Data block:
################

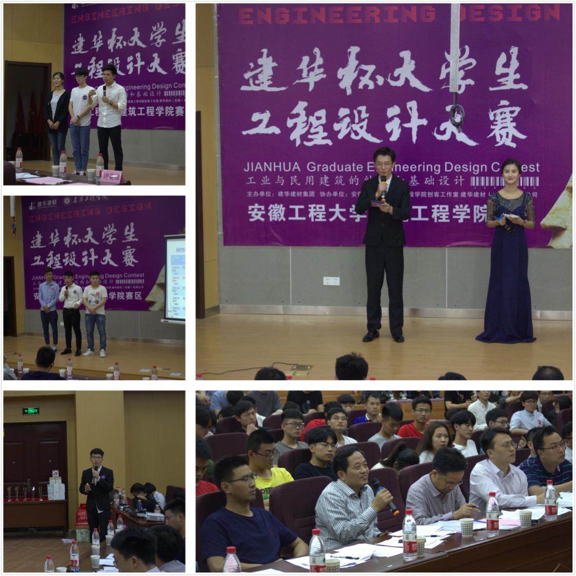 为培养大学生实践创新能力、团结合作精神,激发大学生运用理论知识解决实际问题的热情,加强高校与企业之间的联系,5月23日,由建华建材集团主办,我校建筑工程学院创客工作室、建华建材(安徽)有限公司承办的“建华杯·大学生工程设计大赛(安徽赛区)”在C座三楼报告厅顺利举办。
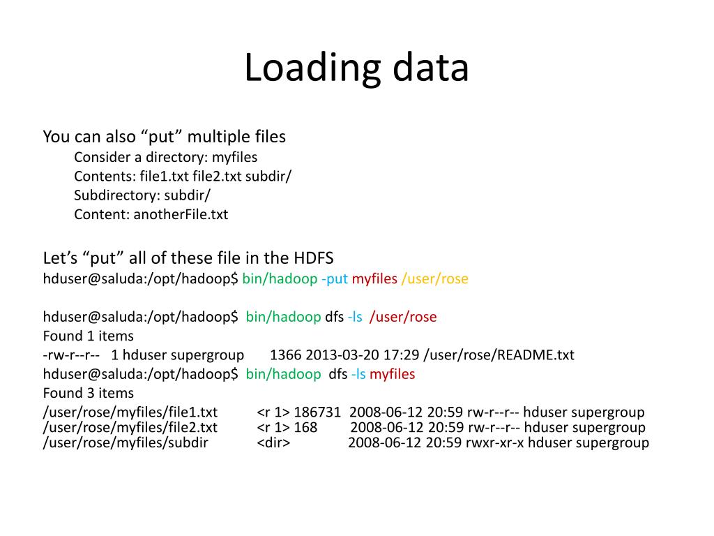 Loading data You can also “put” multiple files Consider a directory: myfiles Contents: file1.txt file2.txt subdir/ Subdirectory: subdir/ Content: anotherFile.txt Let’s “put” all of these file in the HDFS hduser@saluda:/opt/hadoop$bin/hadoop-putmyfiles/user/rose hduser@saluda:/opt/hadoop$ bin/hadoopdfs-ls/user/rose Found 1 items -rw-r--r-- 1 hdusersupergroup 1366 2013-03-20 17:29 /user/rose/README.txt hduser@saluda:/opt/hadoop$ bin/hadoopdfs-lsmyfiles Found 3 items /user/rose/myfiles/file1.txt <r 1> 186731 2008-06-12 20:59 rw-r--r-- hdusersupergroup /user/rose/myfiles/file2.txt <r 1> 168 2008-06-12 20:59 rw-r--r-- hdusersupergroup /user/rose/myfiles/subdir <dir> 2008-06-12 20:59 rwxr-xr-x hdusersupergroup
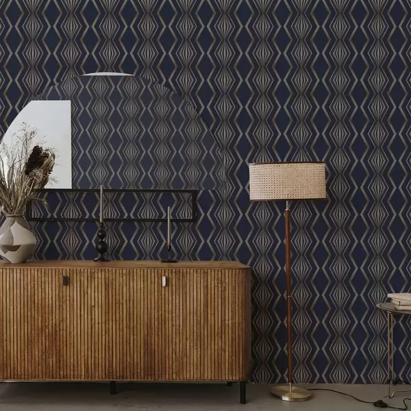 Tapete Dunkelblauer Hintergrund mit geometrischen Rauten und Zickzackmustern Nr. a00974v2

################

Work to be completed: What is needed is every line of the data above, set down exactly but with the images left out.

Response for this exercise:
 为培养大学生实践创新能力、团结合作精神,激发大学生运用理论知识解决实际问题的热情,加强高校与企业之间的联系,5月23日,由建华建材集团主办,我校建筑工程学院创客工作室、建华建材(安徽)有限公司承办的“建华杯·大学生工程设计大赛(安徽赛区)”在C座三楼报告厅顺利举办。
 Loading data You can also “put” multiple files Consider a directory: myfiles Contents: file1.txt file2.txt subdir/ Subdirectory: subdir/ Content: anotherFile.txt Let’s “put” all of these file in the HDFS hduser@saluda:/opt/hadoop$bin/hadoop-putmyfiles/user/rose hduser@saluda:/opt/hadoop$ bin/hadoopdfs-ls/user/rose Found 1 items -rw-r--r-- 1 hdusersupergroup 1366 2013-03-20 17:29 /user/rose/README.txt hduser@saluda:/opt/hadoop$ bin/hadoopdfs-lsmyfiles Found 3 items /user/rose/myfiles/file1.txt <r 1> 186731 2008-06-12 20:59 rw-r--r-- hdusersupergroup /user/rose/myfiles/file2.txt <r 1> 168 2008-06-12 20:59 rw-r--r-- hdusersupergroup /user/rose/myfiles/subdir <dir> 2008-06-12 20:59 rwxr-xr-x hdusersupergroup
 Tapete Dunkelblauer Hintergrund mit geometrischen Rauten und Zickzackmustern Nr. a00974v2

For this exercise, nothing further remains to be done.